**DESCRIPTION OF THE TASK**
With the pictures omitted, repeat exactly the lines below starting with the line that has "Rimba Bondage Play" and going on through the line that has "BANJUL BLACK SEE".

**RECORDS FOR THE EXERCISE**
▼▼▼

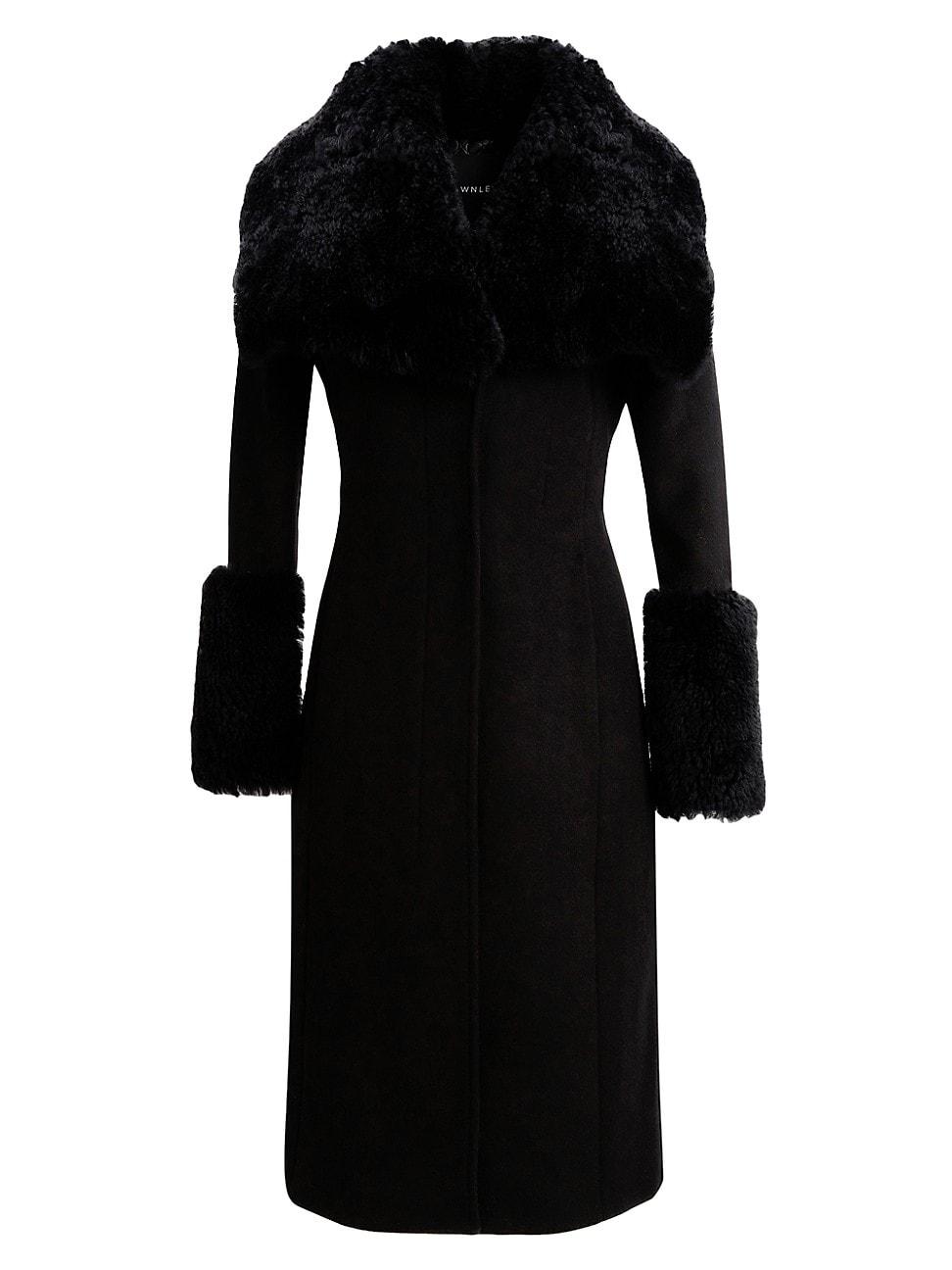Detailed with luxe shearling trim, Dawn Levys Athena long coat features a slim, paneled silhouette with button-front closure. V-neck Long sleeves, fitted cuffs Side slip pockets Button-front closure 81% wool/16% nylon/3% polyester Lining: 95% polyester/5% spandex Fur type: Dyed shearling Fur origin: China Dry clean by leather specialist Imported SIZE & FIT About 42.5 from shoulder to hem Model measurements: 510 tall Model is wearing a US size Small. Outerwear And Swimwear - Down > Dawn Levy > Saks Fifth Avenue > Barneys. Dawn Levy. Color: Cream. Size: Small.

▲▲▲
▼▼▼

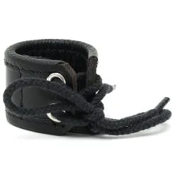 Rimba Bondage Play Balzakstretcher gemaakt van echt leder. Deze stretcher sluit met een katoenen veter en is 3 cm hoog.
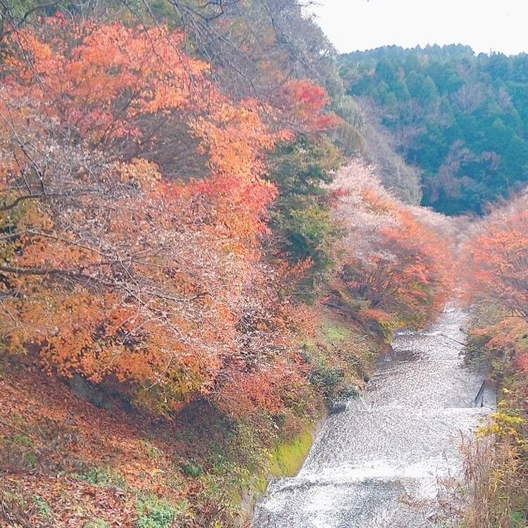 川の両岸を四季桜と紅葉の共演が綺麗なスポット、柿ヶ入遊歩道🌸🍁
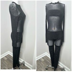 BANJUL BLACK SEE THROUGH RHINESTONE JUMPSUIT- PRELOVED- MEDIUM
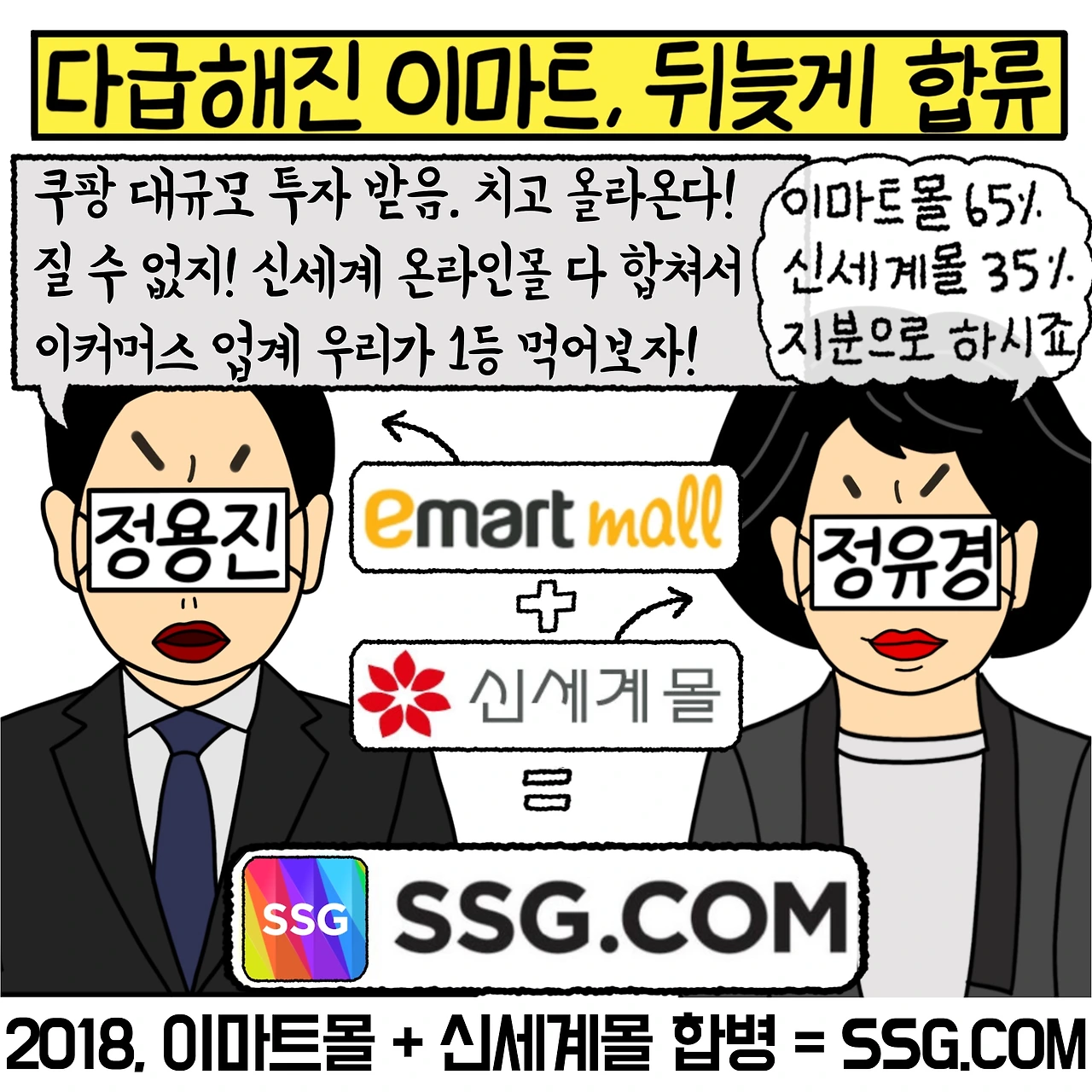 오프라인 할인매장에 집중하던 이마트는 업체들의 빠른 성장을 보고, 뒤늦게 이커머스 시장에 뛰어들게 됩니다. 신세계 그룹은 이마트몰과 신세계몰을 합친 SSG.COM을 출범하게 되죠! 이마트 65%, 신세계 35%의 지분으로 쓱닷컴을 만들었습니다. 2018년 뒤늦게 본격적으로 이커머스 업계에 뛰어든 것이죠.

▲▲▲

**ANSWER TO THE EXERCISE**
 Rimba Bondage Play Balzakstretcher gemaakt van echt leder. Deze stretcher sluit met een katoenen veter en is 3 cm hoog.
 川の両岸を四季桜と紅葉の共演が綺麗なスポット、柿ヶ入遊歩道🌸🍁
 BANJUL BLACK SEE THROUGH RHINESTONE JUMPSUIT- PRELOVED- MEDIUM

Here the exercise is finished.